I have not really had any experience doing data cleaning in other classes. This is mainly because I’ve worked with comparatively small amounts of written and published data. Anything remotely like what we are doing in our digital history class was not even on my radar until very recently. I picked a topic, found what felt like a reasonable amount of documents to support it (say 15 or so) and wrote the paper. The most data cleaning in my history classes was probably more to do with my less than stellar note-taking skills and the need to discover exactly what I wrote.

That being said, my current coop placement is with the Federal government and it involves large-scale data analysis of information inputted into a statistical spreadsheet program. I have been involved in cleaning up that data.  This type of data cleanup is similar to what we have been doing this week. It involves making sure the agreed-upon variables are the same (e.g. 9999 encoded as a missing value rather than 999), using search and replace functions, and manually inspecting the data before beginning to turn it into meaningful charts.  We discuss this work in detail while we’re doing it. We compare methodology, save and share our syntax, double-check each other’s work for inaccuracies, and work in a conscious and systematic way. This is necessary because if I do something differently from my colleague, we will not be able to be sure that our values are both “accurate” and comparable. In the world of statistical analysis, how and why data is cleaned up matters, is easy to collaborate on, and is replicable.

I suspect that the lack of close collaboration between historians and the unique nature of each research project hinders the discussion on data cleaning.

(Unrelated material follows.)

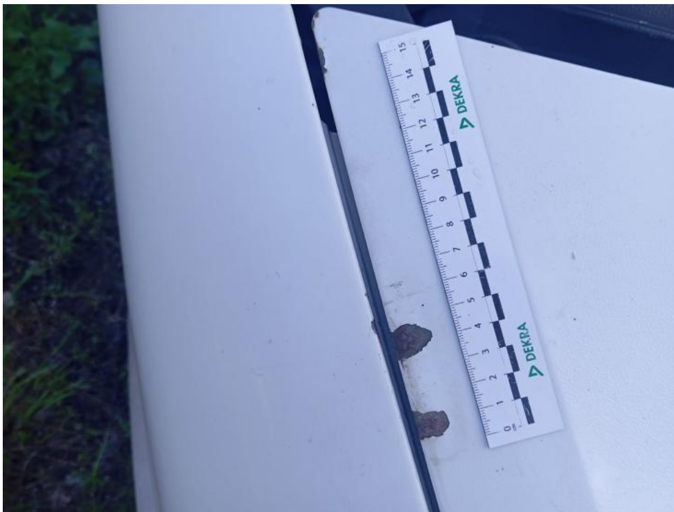
Fot. 71. - korozja 2

For those who do it, it is seen as a necessary step to beginning the “real” research. This is also why, as per Ian Milligan’s post on online newspapers, historians have not embraced critical analysis of their database usage. While Ian argues for its inclusion, I identify that I too was unaware of these issues surrounding methodology because of it being “just the way it needs to work”. It has gotten to the point where we would be lost if the search programs all broke down and we had to figure out how to get what we didn’t know we needed without them. Of course it should be included in our scholarly methodology, but it isn’t considered part of the research or findings (only a tool), so it is not included.

Part of the problem is also based on the solitary nature and sense of possessiveness historians feel over their research, partly because of the work they have done to find the materials, make them meaningful, and then craft an argument. Just as in our previous discussion about open data and sharing our research, I think historians are afraid that people will unfairly take their data cleanup methods. This is especially true in a time when some historians are still very new to digital history and are much less proficient with the programs available.

However, while these reasons make sense and seem natural, they could be negatively impacting the type and quality of research we put out. This is especially true for those new at digital history and unfamiliar with the additional biases and considerations it involves. As we saw in our use of Google Refine, we can group things, remove things, change names and do so much more. Some changes are obvious and make sense, such as merging entries for “John Smith” with “Jon Smith”. Other changes might be more risky, especially in dealing with poorly rendered OCR. We might have chosen to merge files whose dates place them in 1884 into one new file and have included a group of poorly rendered “18J4″s. This decision could have significant impact and when not discussed, can lead to different conclusions than if it was not included.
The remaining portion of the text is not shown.